**What you need to do**
The reply should consist solely of the lines from the one with "Bespoke Men's Three-Piece" through the final line of the listing, copied exactly, with no pictures.

=== Records shown ===

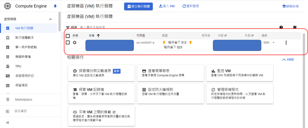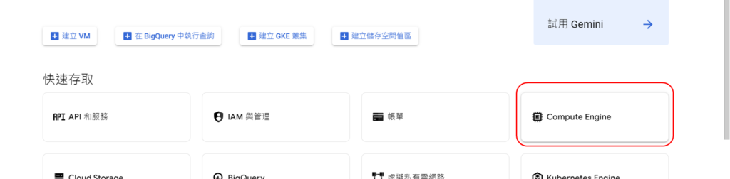 一開始在進入GCP的畫面,可以點選compute engine(紅色方框)。
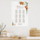 Help your guests find their table with this burnt orange and white rose floral wedding seating chart. It is suitable for a wedding with 9 tables and 90 guests.
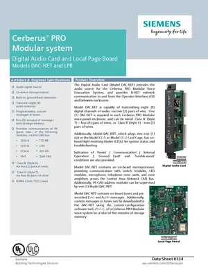 Datasheet for the Siemens DAC-NET and LPB, published in 2017. Document No: 8334, Rev: 0. 12 models including DAC-NET, LPB, CC-5 and 9 additional variants. Detailed technical specifications, electrical ratings, and agency listings.
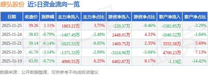 证券之星消息,截至2025年11月25日收盘,盛弘股份(300693)报收于39.26元,上涨1.11%,换手率4.51%,成交量12.13万手,成交额4.81亿元。
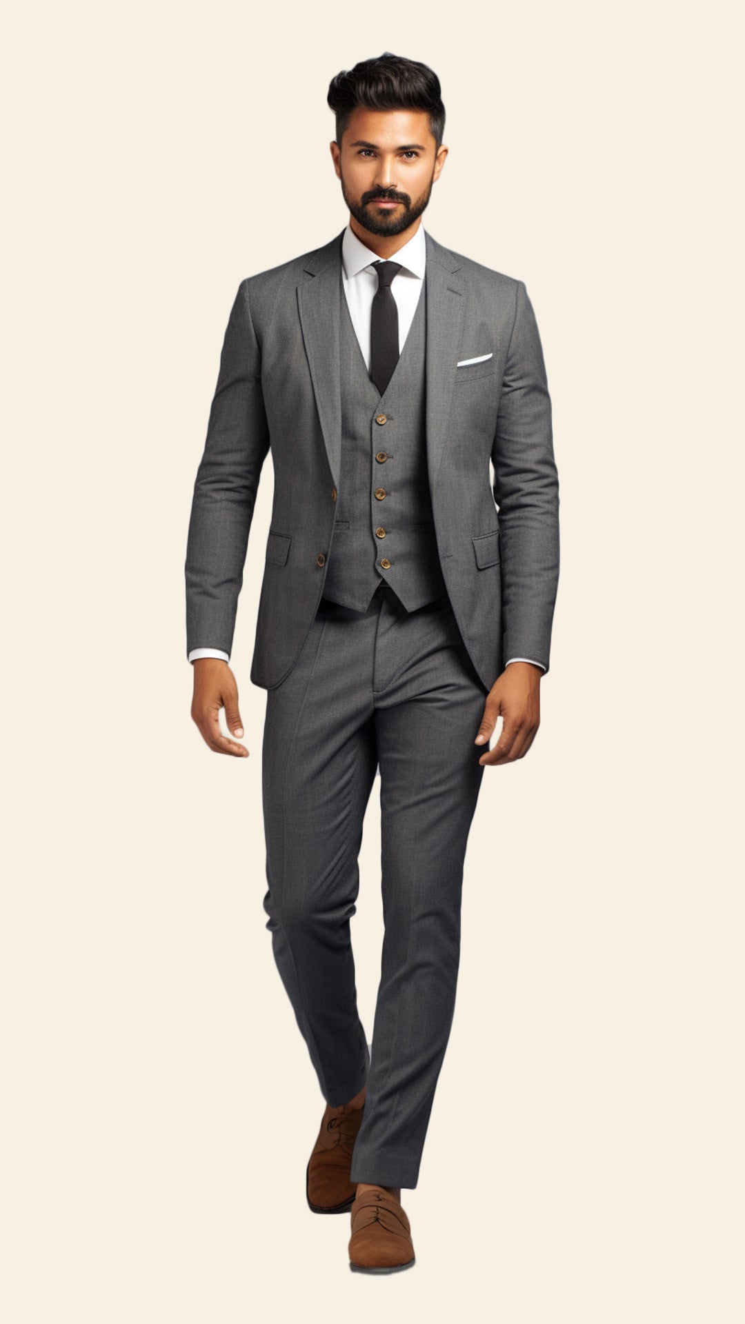 Bespoke Men's Three-Piece Grey Suit in Formal Shade - Crafted in Terry Rayon by BWO
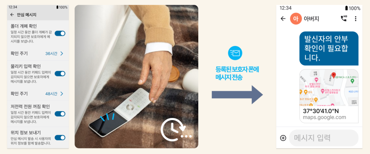 - 안심 메시지: 일정 시간 사용이 없으면 보호자에게 알림을 보내는 기능을 지원합니다.

===

**Written reply**
 Bespoke Men's Three-Piece Grey Suit in Formal Shade - Crafted in Terry Rayon by BWO
 - 안심 메시지: 일정 시간 사용이 없으면 보호자에게 알림을 보내는 기능을 지원합니다.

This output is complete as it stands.